Haarlem is a small town west off Amsterdam, 15-20 minutes by train (Sprinter or IC) from Centraal. There are trains that make a stop at Haarlem every 5-10 minutes from Centraal, so I thought it would be nice to get away for a while from the crowds in Amsterdam. Check the train schedule here.

The Haarlem Station is also not far from the town centre where St. Bavo Church / Grote Kerk is – around 2 km. It took me 20-25 minutes on foot (I did make some stops to enjoy the view).

Contrast to Amsterdam, Haarlem seemed very quiet at that time. There were of course a bunch of tourists here and there, especially in the centre where the shops and restaurants are, but nothing like Amsterdam. The locals just go about their business as usual.

St. Bavo Church

Admission: €2.5 for adults and €5 for guided tours (entrance through the souvenir shop on the ground floor).
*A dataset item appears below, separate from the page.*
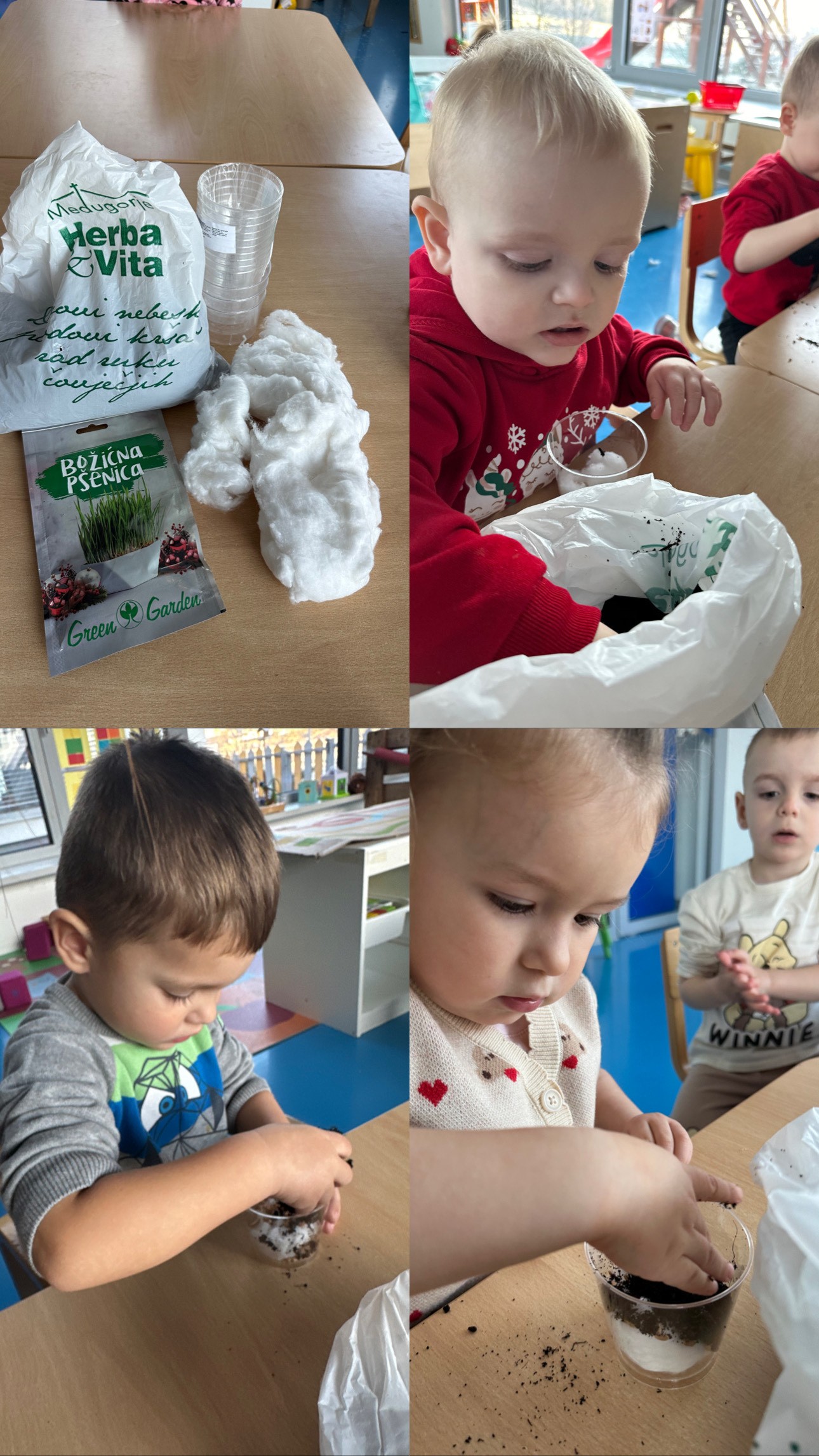 Bor smo ukrasili ukrasima koje su djeca zajedno sa svojim roditeljima izradila kod kuće, čime smo dodatno osnažili suradnju obitelji i vrtića te poticali osjećaj pripadnosti i zajedništva. Posebnu pažnju posvetili smo sadnji pšenice u male posude s vatom i zemljom.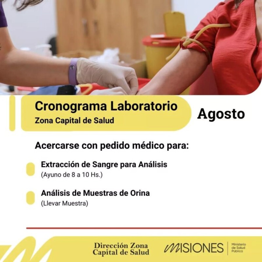 En este mes de Agosto, la Dirección de Bioquímica del Ministerio de Salud Pública de la provincia de Misiones junto con la Zona Capital de Salud estarán llevando adelante el cronograma para la Red de Laboratorios de análisis clínicos en los Centros de Salud de la ciudad de Posadas y la localidad de Garupá.

So, according to what I read, the Gothic-styled St. Bavo church was constructed by the Catholics in the 13th century, renovated and enlarged in the 16th century and then consecrated as a cathedral. Around 19 years later, during Reformation era, just like some other Catholic churches in the Netherlands, it was taken over by the Protestants.

Built in a basilical style, this church is 140 meters long with a 80-meter-tall tower. One thing that immediately caught my attention was the big, towering organ on the west wall of the church, constructed by Christian Müller in 1738. Famous musicians such as Händel and Mozart were known to have come and played here.

St. Bavo Church Haarlem
The Floating Boats

Just like in Oude Kerk of Amsterdam, the floor in this church is also covered with gravestones carved with the marks and names of the deceased from centuries ago. I even read a story about a dead man’s hand that kept popping out from under the grave that they had to put a copper plate on top of the gravestone. Well, that would make a great bedtime story! 👻👻😂

Molen de Adriaan

On the way back from Grote Markt to the train station, I decided to swing by the famous windmill, Molen de Adriaan. It is around 800 meters or 10 minutes by foot north west off Grote Mark. It was already past the visiting hours by the time I got there, so I just spent some time outside enjoying the scenery. The windmill was initially constructed by Adriaan de Booys (the only cement producer in the area for 25 years) and officially opened in 1779. Since then, it has changed ownerships and use several times. In 1925 , Vereniging De Hollandsche Molen bought the windmill to prevent demolition. Unfortunately, it was burnt down in 1932 and several attempts had been made to finance its reconstruction. Currently, it is owned by the municipality of Haarlem and was reopened for public in 2002.

Molen de Adriaan
A Surprise Finding

On my way to the centre, I ran into an authentic Indonesian restaurant! It is run by a family from Indonesia and offers various Central Javanese dishes at affordable prices. I mean, I spent around €8.5 only for a plate full of nasi kuning (yellow rice) and a glass of hot tea! They also sell some crackers and chips from Indonesia (should’ve bought these, too). The place was quite small, there were only 2 tables to accommodate 5-6 people max and I noticed most people just got takeaways here.